LOL, you're funny Spin, but you're not going to get you way!

Both these tools (fly cutters and 3-jaw chucks) have their place, especially in the home shop. Fly cutters are the best way to get a decent finish on a big wide plate in the home shop. The multi-insert cutters (I have a couple and will write about them here too before long) are way better if you have much material to remove, but they just don't deliver the surface finish for areas wider than they cut in a single pass. Fly cutters are also very versatile. Boring heads are basically fly cutters, and form tools are another common type of fly cutter. 

You bring up a good thought on the SFM. Let's consider the case I was working. I was flycutting a surface 6" wide in a single pass. As I mention, I ran at 910 rpm. So, what was my SFM (Surface Feet per Minute)? It was about 1500. Whoa! That was too fast.

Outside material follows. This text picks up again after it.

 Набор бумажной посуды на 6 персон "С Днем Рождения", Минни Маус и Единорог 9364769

What should it have been? This was very mild steel, so HSS wants maybe 150 or 200 max SFM. My flycutter used brazed carbide, so figure max 3x that or maybe 600 CFM. The main impact of running to fast was more tool wear and poorer chip control. For optimal tool wear, I should have been running at more like 1/3 of what I was or 300 rpm. OTOH, the carbide tool was dirt cheap, and I was able to feed faster and still get the same finish. 

I used to have this fantastic feed and speed software that Michael Rainey puts out. Unfortunately, I lost it in a hard disc crash. I can get the software, but I left my password to unlock it in an Outlook archive that didn't get backed up. Doh! I back it up now, but I need to contact Michael and get another copy. It's really handy to have that sort of thing in the shop.

Cheers,

BW


----------



## shred (Jan 23, 2008)

BobWarfield  said:
			
		

> I used to have this fantastic feed and speed software that Michael Rainey puts out. Unfortunately, I lost it in a hard disc crash. I can get the software, but I left my password to unlock it in an Outlook archive that didn't get backed up. Doh! I back it up now, but I need to contact Michael and get another copy. It's really handy to have that sort of thing in the shop.

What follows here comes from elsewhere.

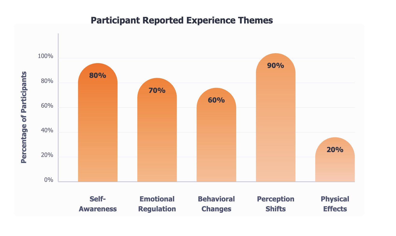 Emotional Regulation (70% of participants) - Reported feeling "calmer," "more centered," or "in control" of emotions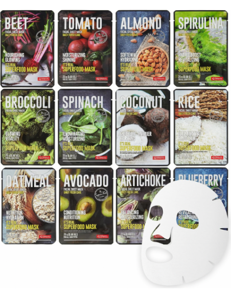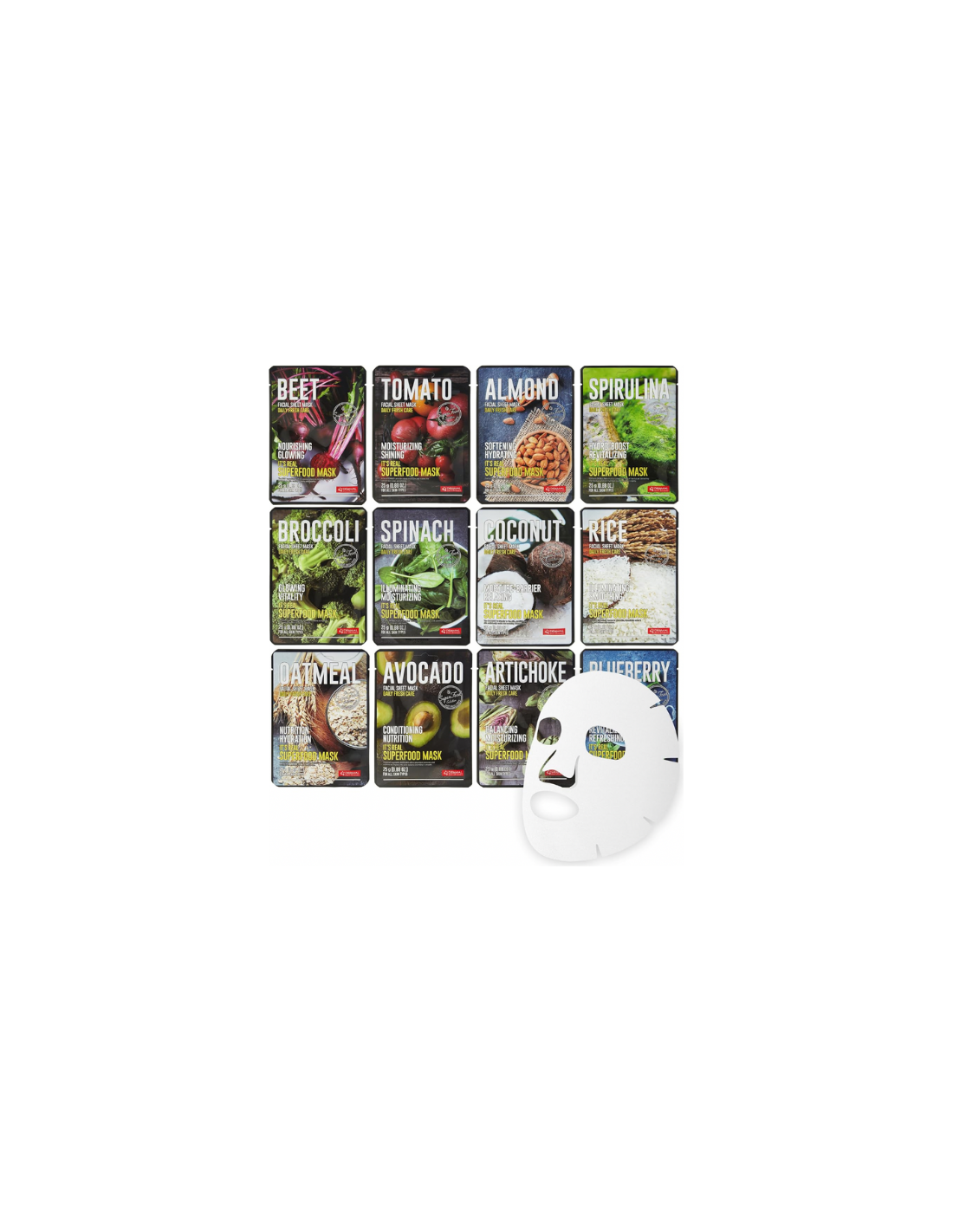 Выбирайте и пробуйте различные маски для лица SUPERFOOD со следующими экстрактами и эффектами:

I use the AutoEditNC (free download) feeds-and-speeds calculator all the time. I derate a little for my machine, and would prefer it to have more materials, but it's always in the ballpark. What does the Rainey software do?


----------



## BobWarfield (Jan 23, 2008)

shred  said:
			
		

> I use the AutoEditNC (free download) feeds-and-speeds calculator all the time. I derate a little for my machine, and would prefer it to have more materials, but it's always in the ballpark. What does the Rainey software do?



Lots of stuff: http://www.cncci.com/products/mepro.htm

It has a nice materials table, but everything is table driven so you can customize it. He is a regular over on the PM boards and a lot of guys swore buy it so I got a copy. It was worth the price of admission!

Best,

BW


----------



## macona (Jan 25, 2008)

I have to agree with spin doctor on this one. Find a small (2-3") indexable cutter that uses the ADKT type insets. They can be found on ebay real cheap quite often. I have seen cutting heads go for about $40 and I picked up a whole bunch of inserts for something like $35. ADKT style inserts are great for low power machines and leave a darned near mirror finish.

You can also make your own from a circular chunk of aluminum. Make it the diameter you want and drill arount the perimeter and tap to hold in either regular HSS or carbide cutters. Use a granite slab to set the cutter height consistent between all the cutters.


----------